Ainsi, de multiples facteurs convergent pour faire des trois parlements méridionaux des institutions centrales dans la vie politique de leurs provinces respectives. Arbitres des intérêts claniques et institutionnels des principales élites locales, ils trouvaient dans ces fonctions les fondements de leur domination politique et sociale. Toutes les puissances locales pouvaient veiller à rechercher leur appui dans une société où la fonction judiciaire faisait office de catalyseur des oppositions politiques. Cette domination était d’autant renforcée que les parlements, comme représentants de la justice du souverain dans ses provinces, étaient légalement habilités à discuter la législation royale et à veiller à son application.
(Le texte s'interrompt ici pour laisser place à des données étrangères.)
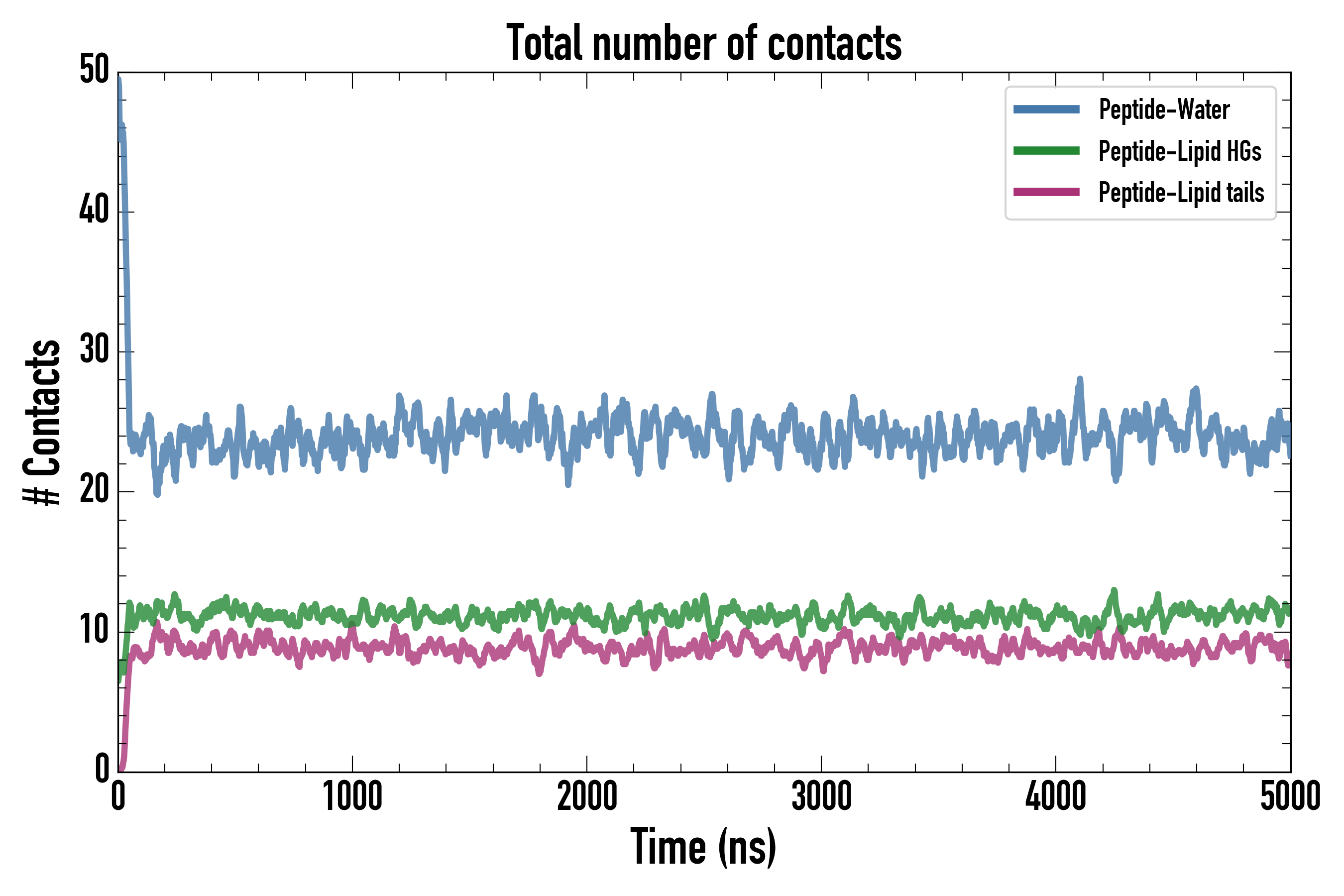 Number of contacts between each residue of the peptide backbone and the different lipid types, averaged over the last microsecond and using a cut-off of 0.6 nm.

Cette capacité d’interprétation et de mise en œuvre faisait des magistrats des interlocuteurs privilégiés du monarque et de ses ministres dans les provinces, renforçant d’autant leur poids politique. Une prépondérance que la politique de Louis XIII, mise en œuvre par Richelieu, veilla à circonvenir. D’autant que les magistrats étaient bien conscients de l’importance des institutions auxquelles ils appartenaient. Ils revendiquaient un droit d’intervenir dans des domaines très larges de la vie politique provinciale, depuis le commandement aux institutions locales jusqu’à la direction des affaires du roi en matière militaire et fiscale, les affaires d’État. Les parlements constituent des relais essentiels du pouvoir dans les périphéries provinciales.

164 Christian Jouhaud, « Le Conseil du roi, Bordeaux et les Bordelais (1579-1610, 1630-1680) », Annales du Midi, 1981, p. 383, n. 14.

Ces institutions, siégeant dans des palais de justice, donnant à leurs villes le caractère de cité parlementaire et de capitale provinciale, rayonnaient sur de vastes provinces où s’étendaient leurs ressorts, au travers d’une hiérarchie judiciaire dont ils constituaient le sommet et une capacité d’intervention directe au moyen de commissaires dépêchés dans les situations d’urgence. Cent quinze magistrats à Toulouse, quatre-vingt-dix-huit à Bordeaux et soixante-quinze à Aix étaient ainsi au cœur du pouvoir dans les provinces méridionales. Distincts par leurs fonctions et leurs rangs, évoluant dans différentes instances de leur compagnie en fonction de l’avancement de leurs carrières ou la nature des offices dont ils avaient fait l’acquisition, plus ou moins puissants, tous avaient conscience de leur importance et de la domination qu’ils pouvaient exercer dans les affaires provinciales. Cependant, s’ils avaient en commun cette expérience du pouvoir, des rivalités terribles pouvaient s’y exprimer en fonction d’intérêts propres, s’exprimant dans des affrontements de préséance, moyen d’expression de la compétition pour la suprématie politique au sein des compagnies. Les parlements méridionaux – relais du pouvoir – étaient aussi des lieux de conflit pour le pouvoir.